Having arrived at the milestone of reaching 5 years of Cashfree recently, many people have expressed curiosity about our start.

Following is a thread on my personal and professional journey, and the learnings picked up along the way 🧵 👇🏻
As a kid I always wanted to join the army. I was keen in academics too, and fortunately decent at it. Year 2007, and everything was well set for my 12th boards, the NDA & the Engineering Entrance exams.
But only a week before the exam season started, I happened to meet with an unfortunate accident that left me with a fractured right hand. Little did I know that this was in fact going to play a hand at shaping my future.
Without a fully operational right hand, I had to give up on NDA entirely, and wait for another year to ace at any Engineering Entrance exams. A year hence, I could make through to the IITs but only for a five year course. Eventually, I happened to join CS at IIIT.
Yes, CS happened by chance. I was alien to programming languages when I joined IIIT and had a hard time through the first year.
But come summer break and I got my hands on the ‘Beginning JavaScript’ book. I still remember gulping down the entire book, and drowning myself into creating jazzy web-pages almost all of my waking hours.
Furthermore, creating new dynamic applications by using vanilla tech made me feel very satisfied and sparked my interest in ‘Building Stuff’. Ability to create fancy CRUD applications started to seem like a super-power to me then.
And there, my tryst with entrepreneurship began. With new learnings & skills, I picked up a couple of projects and roped in friends to work with. That was when I learnt more about documentation, tech solution presentation, cost negotiation and more, as a part of those gigs.
Come 2011, got selected for @GSoC and got an opportunity to work on some amazing open source projects. As the placement season rolled in, I got selected at Bankbazaar and was soon packing my bags for Chennai.
The desire to build stayed on with me, and over the next few years, I attended all the hackathons I could. Attempted (and sometimes built) some crazy ideas, from flatmate matching engine to real-time speech translator and to online fingerprint verification.
(Pic from a hackathon)
I would also end up talking about it a lot here & there. At a friend’s party, a mutual friend I bumped into, talked to me about the massive business potential of one of my latest hackathon projects.
Though that project’s discussion did not pan out, we ended up discussing a lot of other ideas. That mutual friend was Reeju, the other co-founder of Cashfree.
So resuming the story. While we brainstormed and dug around, we came across the gigantic problem statement of COD payments in India.
We approached every restaurant & store in Bangalore that we could and pitched them the idea of using our payment solution for their deliveries (Zomato/Swiggy was yet to go mainstream then). Night-delivery restaurants found us interesting and were our first customers.

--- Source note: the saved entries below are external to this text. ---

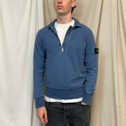 Stone Island Blue SS10 Half-Zip & Button Cotton Knit Jumper
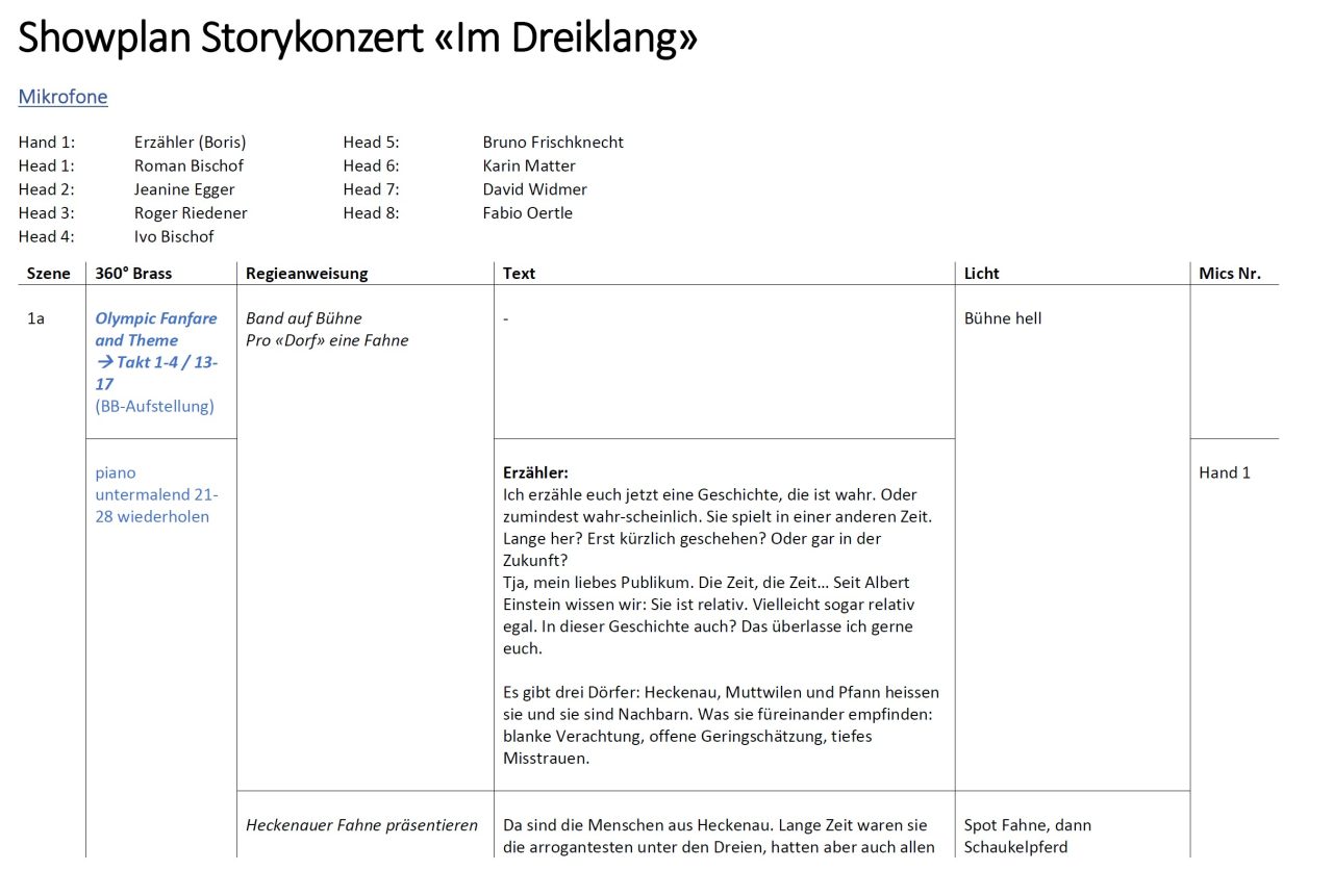 Als persönliche Vorbereitung auf meine Aufgabe als Regisseur erstellte ich einen Regieplan, der nebst Drehbuch und Musik weitere Angaben, zum Beispiel technische Anweisungen, beinhaltete.
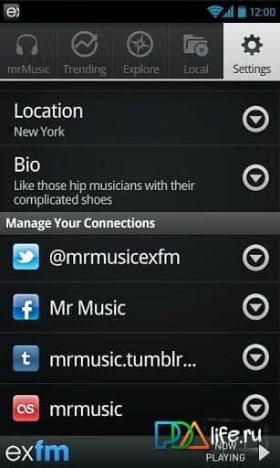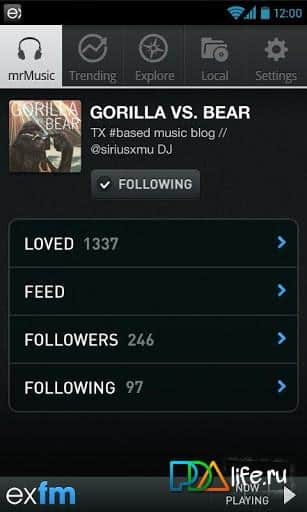 exfm müzik - Extension Entertainment Inc. tarafından geliştirilen Android cihazınızda türler, sanatçılar, albümler ve daha fazlası arasında konforlu bir şekilde müzik dinlemenizi sağlayan bir uygulamadır. exfm müzik'in özellikleri arasında Facebook, Twitter, Tumblr ve Last.fm ile scrobbling için entegrasyon imkanı bulunmaktadır.
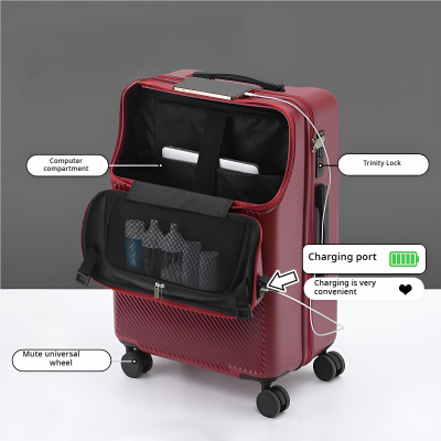 时尚高品质前开放式旅行手提箱,带USB端口和随身行李箱旅行包拉杆箱套装

After signing up 350+ offline stores in the first 3 months, we realized we had come across a lot of business owners who wanted help at online payment collections and with mass real-time disbursals.
Upon researching more on the payments industry, we could see that the incumbents then, were not aggressive enough to keep up with the rapidly-evolving usecases.
Most systems back then were stuck with one-dimensional flow and weren't really tailored for the Internet economy.

That was it. We went all in. For the next 180 days, all we did was build, build & build. With a 5 people team, we launched PG in April 2016 and Payouts in Feb 2017.
A single platform to manage end to end payments looked interesting to a lot of new online businesses, and our growth engine was ignited.
Later that year, we got selected in @ycombinator summer batch and spent 4 months in the valley as a part of the program. With 103 other startups in our batch spanning 6 continents, we realised how much entrepreneurs are shaped by the culture, economy and the people around them.
I must say YC experience changed our thought process and gave a fresh perspective on startups from a global view point. A special thanks to @mwseibel & @nolimits for all the support along the way. More about our YC experience here - inc42.com/resources/cash…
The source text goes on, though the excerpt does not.